Here’s example Perl implementation of the Apache access.log filter for “telling human from computer [site visitors] apart”.
For the description please see main page.
#!/usr/bin/perl -w
#
# Extract human-like entries from httpd server log.
# Note:
# Some legitimate users may be filtered out,
# however, they probably are not interesting economically anyway,
# so not really required in the analysis.

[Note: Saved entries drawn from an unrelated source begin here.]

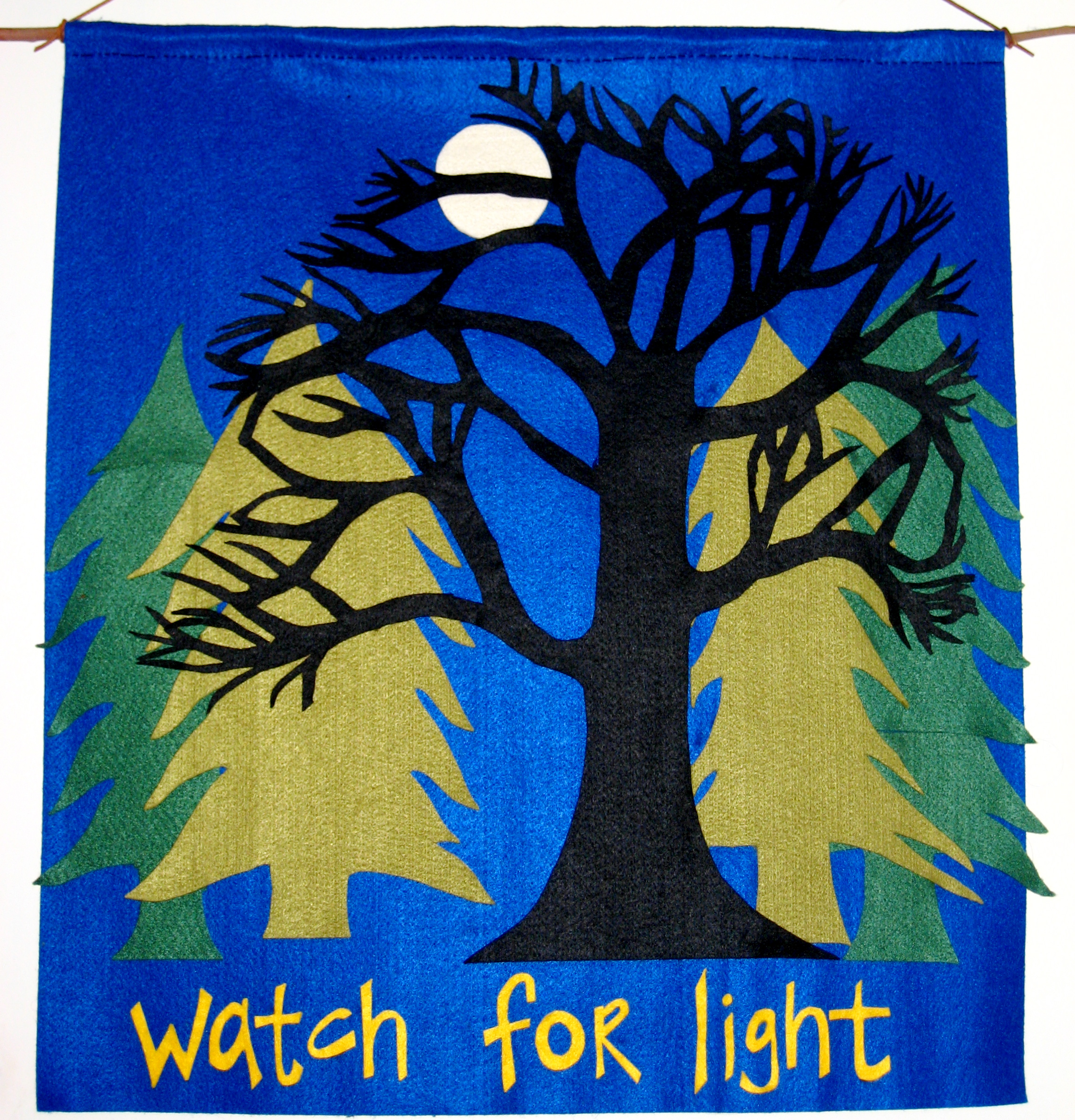 represent the Advent wreath. Consider how lighting can be used to create the effect of candles. This wreath was constructed out of corrugated plastic (the same stuff they make yard signs out of). - Advent banners can be cool. Don’t sell them short. They can add color and depth of meaning through the use of symbol and metaphor. Just search for “Advent banners”
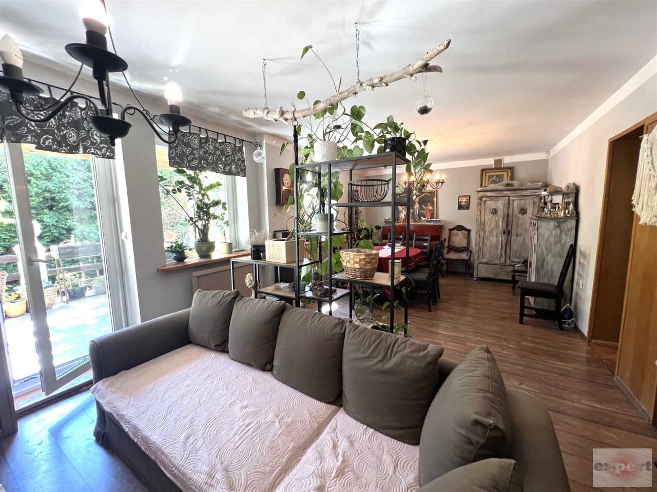 - SALON 33,60 m, duży salon otwarty na holl, z wyjściem na duży TARAS od strony ogrodu, podłoga eleganckie panele, ściany gładzie gipsowe, 2 duże okna PCV, roletki okienne, KOMINEK typu KOZA, w salonie STREFA WYPOCZYNKOWA i STREFA JADALNA
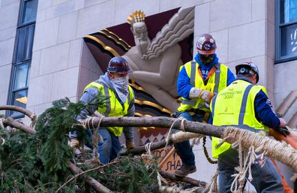 Rockefeller Center Christmas tree arrives in New York A worker walks across the trunk of the 2020 Rockefeller Center Christmas tree, a 75-foot tall Norway Spruce that was acquired in Oneonta, N.Y., as it is prepared for setting on a platform at Rockefeller Center Saturday, Nov. 14, 2020, in New York. (AP Photo/Craig Ruttle) (Craig Ruttle/AP)
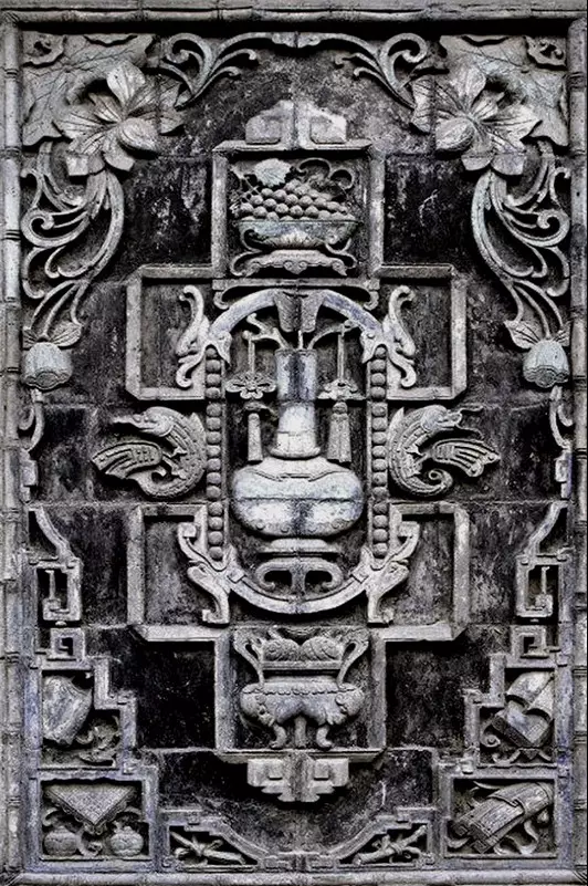 清代,北京紫禁城宮廷內(nèi)墻面夾柱的通氣孔也都使用磚雕,鏤雕花鳥圖案,牢固磚雕 而美觀,且利于空氣流通。
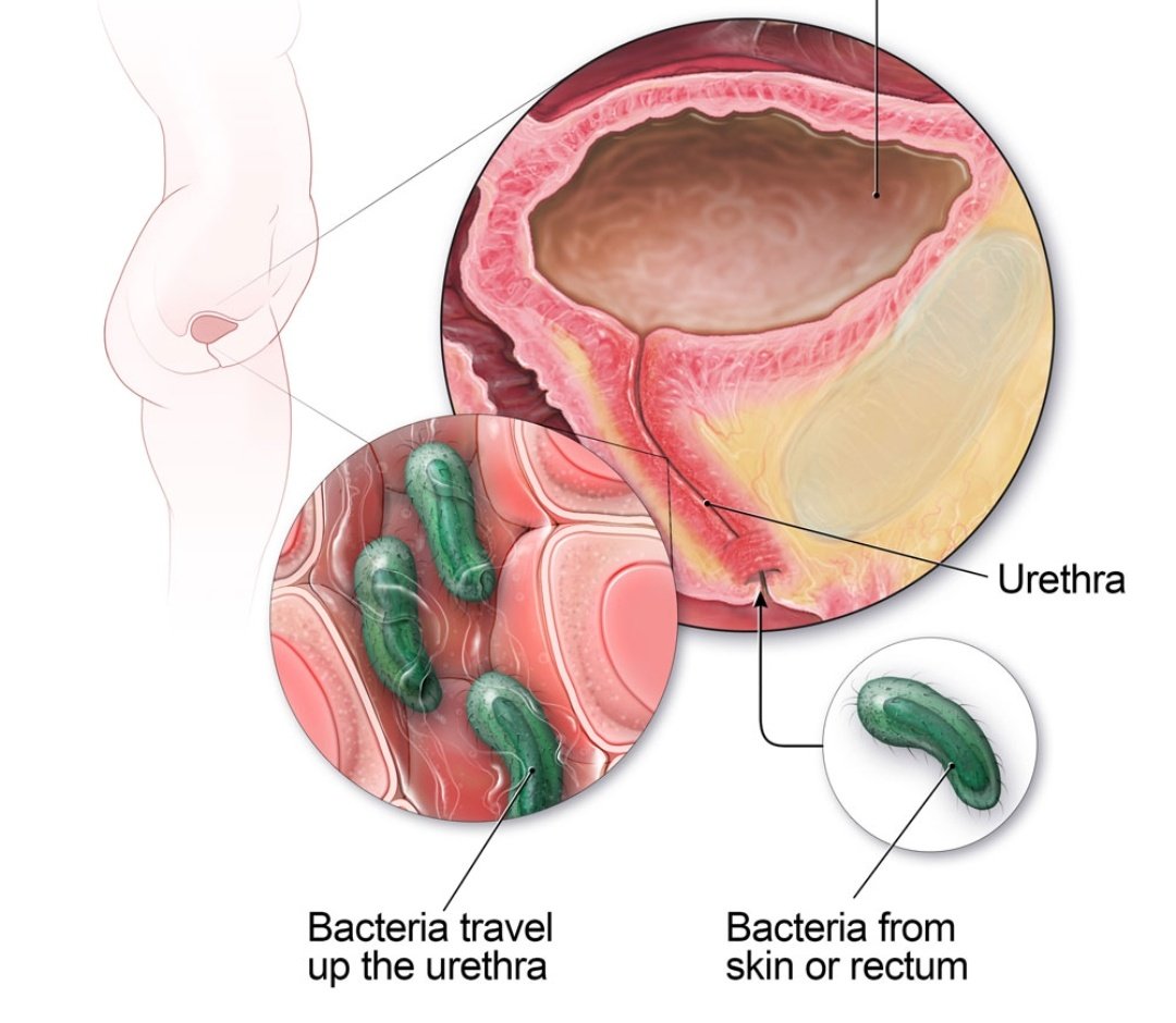 4️⃣انسداد مجرى البول (مثل الحصوات،التضيق بمجرى البول. تضخم البروستات للرجال)
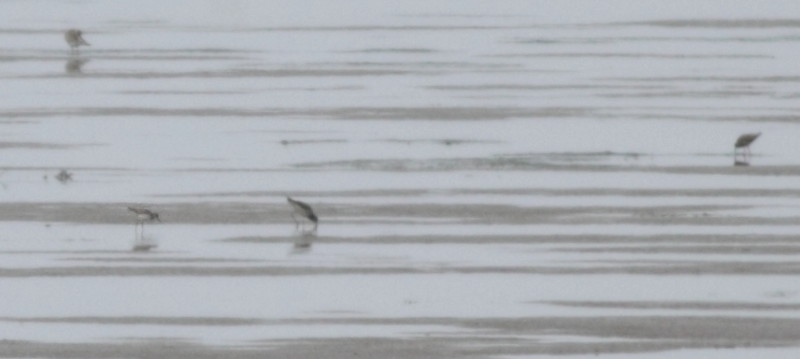 Beskrivelse: Fuglen ses nederst til venstre. Umiddelbart til højre ses en Hvidklire og længst til højre ses en Rødben. Fuglen blev fundet ude på selve vadefladen. Det er atypisk for Damklire at fouragere på en tidevandsflade, så det var selvfølgelig lidt af en overraskelse. Fuglen gik sammen med en hel del vadefugle, der var trukket ud inde fra Saltvandssøen. Billedkvaliteten er ikke noget af prale af, men fuglen gik også på 500-600m i tiltagende varmeflimmer, da solen så småt var ved at bryde gennem skylaget. Fuglen er i en "underudviklet" sommerdragt. Det kan derfor godt være en 2K, men da Damklire påbegynder fældningen meget tidligt, er en 3K+ også en mulighed. De mørke tegninger på brystet, manglende mørk kalot og mørke øredækfjer (set i felten) udelukker 1K.
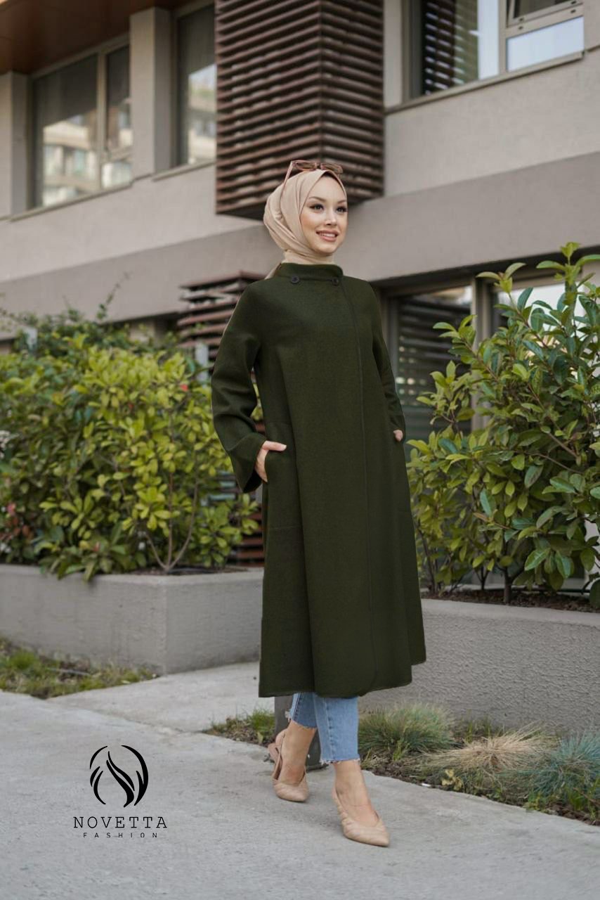معطف شتوي طويل باللون الخمري، تصميم عملي بسيط يمنحك دفء وأناقة في إطلالتك اليومية.بخامة جوخ ناعم

my $logfile = defined $ARGV[0] ? $ARGV[0] : "";
# Pass 1: get the list of (spam) bots.
open(L, $logfile) or die "Logfile $logfile unaccessible (pass 1).\n";
my %bots = ();
my %humans = ();
my $bad_lines = 0;
my $MAX_BAD = 3;
my $verb = 0;
while () {
/^(\S+) .+? (\S*?) HTTP\/\S*? (\d\d\d) / or do {
++$bad_lines;
$verb and $bad_lines <= $MAX_BAD and
warn "Bad line: $_";
next;
};
$host = $1;
$request = $2;
$status = $3;
if (like_human()) {
$humans{$host} = 1;
delete $bots{$host};
}
else {
exists $humans{$host} or $bots{$host} = 1;
}
}
close L;
$verb && printf STDERR " bots: %d, humans: %d, bad lines: %d\n",
scalar keys %bots,
scalar keys %humans,
$bad_lines;
#Pass 2: extract human-like entries
open(L, $logfile) or die "Logfile $logfile unaccessible (pass 2).\n";
while () {
/^(\S+) / or next;
$host = $1;
print unless exists $bots{$host};
}
close L;
sub like_human
{
return 1 if exists $humans{$host};
return
$request =~ /^\// &&
$status eq "304" ||
$request =~ /\.(?:js|css|jpe?g|png|gif|ico|pdf|mp3|avi)$/i
# Is "htm" ok?..
?
1 : 0;
}
Pingback: Results of taking care for the site • STEREO.org.ua
Pingback: Penultimate Reality » Blog Archive » Spambots Hurting Statistics
If you have this error:
Use of uninitialized value in pattern match (m//) at ./remove_spambots.pl line 19.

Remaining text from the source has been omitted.